Currency Market Analysis
Oct 29, 2015 | Currency Market Analysis
The dollar shed some of its Federal Reserve-inspired gains on caution ahead of America’s quarterly economic report card. The dollar soared Wednesday to fresh multimonth peaks after the Fed voiced underlying confidence in the economy and lowered the bar to a rate hike ‘at its next meeting.’ Now that the bar is within reach of a mid-December rate increase, the trick will be keeping it there. The Fed wants to see better data on jobs and inflation before lifting interest rates for the first time in nearly a decade. The ongoing rate debate will be stirred anew today in U.S. data on third quarter growth and weekly jobless claims. Global headwinds and a bigger trade gap likely caused growth to decelerate inside of 2 percent annually after growth nearly 4 percent during the second quarter.
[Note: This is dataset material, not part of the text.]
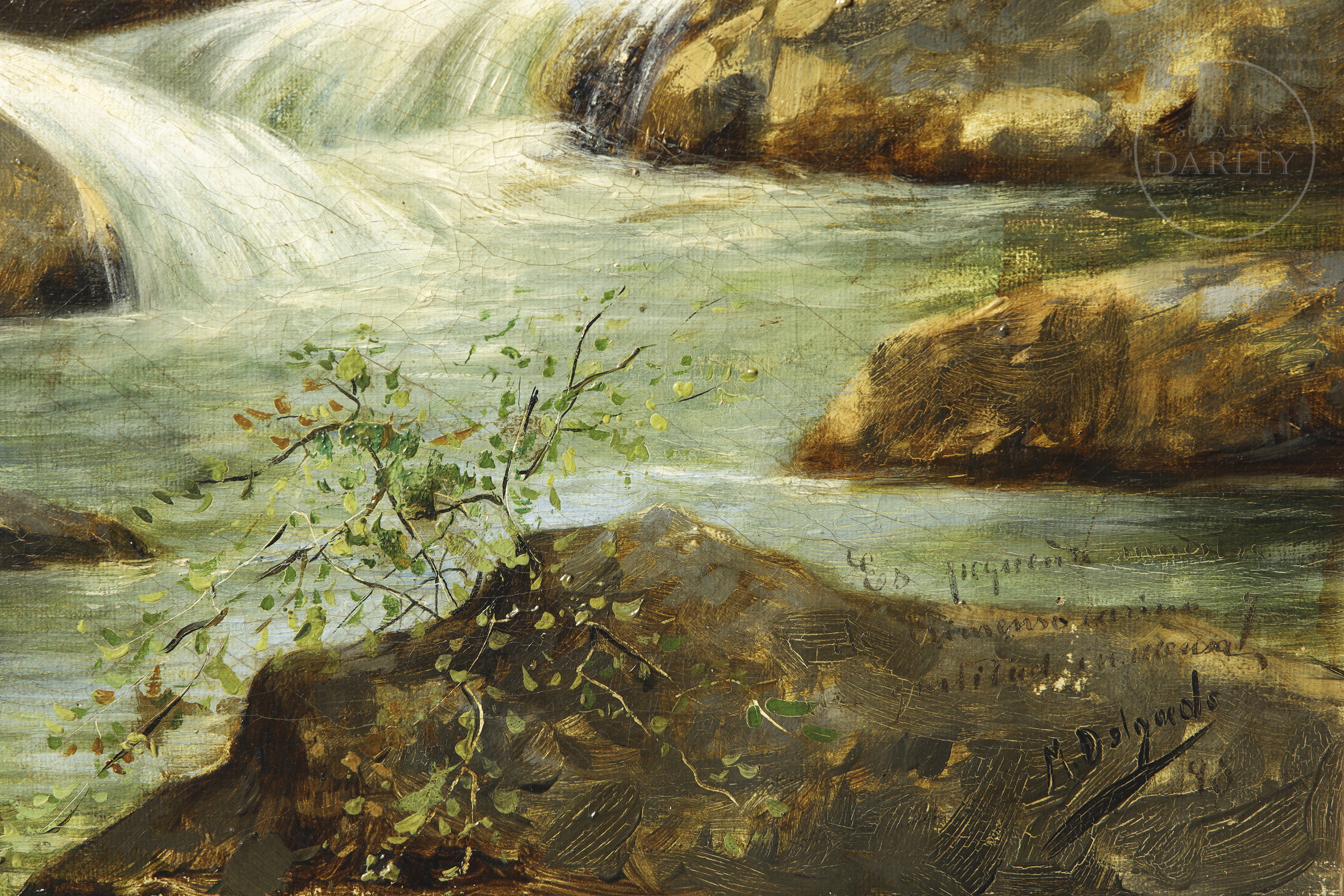 Oil on canvas. It depicts a peaceful natural setting, where a clear stream flows between rocks and lush vegetation, with a mountain in the background dominating the scene. Signed and dated “M. Delgado/98” in the lower right corner.

Jobless claims are expected to hold in healthy range below 300,000. Data on the U.S. consumer and a Japanese central bank decision loom Friday.
If things stick to the latest scripts laid out by central banks in the U.S. and euro zone, the euro looks set to spend the rest of the year favoring its back foot. The past week has sketched an outlook of lower lending rates in Europe and higher ones in the U.S., opposing policies that have fueled a rise in the dollar and a substantial 4-cent decline in the euro.
Sterling steadied above two-week lows against the dollar with its downside checked by the notion that the sooner the Fed boosts interest rates, perhaps the sooner Britain would. With the Bank of England considered among a minority of central banks contemplating higher interest rate policy to reflect an improving economy, downside for the pound should prove relatively mild.
The kiwi dollar caught a bounce after New Zealand’s central bank held interest rates steady for the first time in four meetings. The RBNZ left its official cash rate unchanged at 2.75 percent, which snapped a streak of three cuts in as many meetings. The RBNZ took some exception with the kiwi’s recent outperformance, a trend that if sustained could hasten another rate cut. The bank’s next and final meeting of the year is on Dec. 10.
The loonie was steady after outperforming its otherwise stronger U.S. counterpart Wednesday in the face of the hawkish Fed. The loonie defied its U.S. peer thanks to a big rally in oil. But keeping Canadian fundamentals on a weak footing, a gauge of Canadian wholesale inflation fell 0.4 percent annually for the second consecutive month.
The dollar’s prospects have brightened so much that slower U.S. growth during the summer quarter won’t deal it a meaningful setback. U.S. growth cooled to a lackluster annual rate of 1.5 percent in the third quarter from Q2’s 3.9 percent pace. The deceleration isn’t expected to last with the job market dispensing an adequate amount of paychecks which should fuel consumer spending, America’s main growth engine, over coming quarters. Jobless claims fared better than expected at 260,000, which helped validate the Fed’s underlying faith in the economy.